Each line from the one with "In Montreux sind" through the last line of the material is to be printed exactly; no other line and no picture belongs in the copy.

__Information provided__:
****************************************
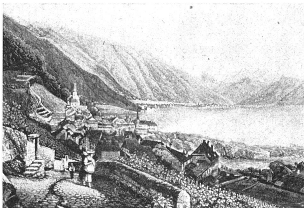
Montreux vor 100 Jahren (nach einem alten Stich)

In Montreux sind dagegen nur aus der Römerzeit zuverlässige Zeugnisse stehender Niederlassungen gefunden worden. So zum Beispiel eine Villa in Baugy , deren wertvolle archäologische Schätze seinerzeit auf wucherische Weise aufgekauft und durch Zwischenhändler im Laufe der zweiten Hälfte des 18. Jahrhunderts in alle Welt zerstreut worden sind. So ist denn fast nichts von alledem in unseren kantonalen und örtlichen Sammlungen verblieben.
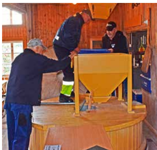
Här matas kvarnstenarna med råg.

I år maldes 300 kilo råg med ett resultat av 174 påsar färdigt mjöl á 1,5 kilo styck – perfekt till det stundande julbaket! Under dagen såldes 41 påsar direkt över disk. Mjölet säljs även i en av Nossebro's livsmedelsbutiker.
****************************************
__Result below__:
In Montreux sind dagegen nur aus der Römerzeit zuverlässige Zeugnisse stehender Niederlassungen gefunden worden. So zum Beispiel eine Villa in Baugy , deren wertvolle archäologische Schätze seinerzeit auf wucherische Weise aufgekauft und durch Zwischenhändler im Laufe der zweiten Hälfte des 18. Jahrhunderts in alle Welt zerstreut worden sind. So ist denn fast nichts von alledem in unseren kantonalen und örtlichen Sammlungen verblieben.
Här matas kvarnstenarna med råg.

I år maldes 300 kilo råg med ett resultat av 174 påsar färdigt mjöl á 1,5 kilo styck – perfekt till det stundande julbaket! Under dagen såldes 41 påsar direkt över disk. Mjölet säljs även i en av Nossebro's livsmedelsbutiker.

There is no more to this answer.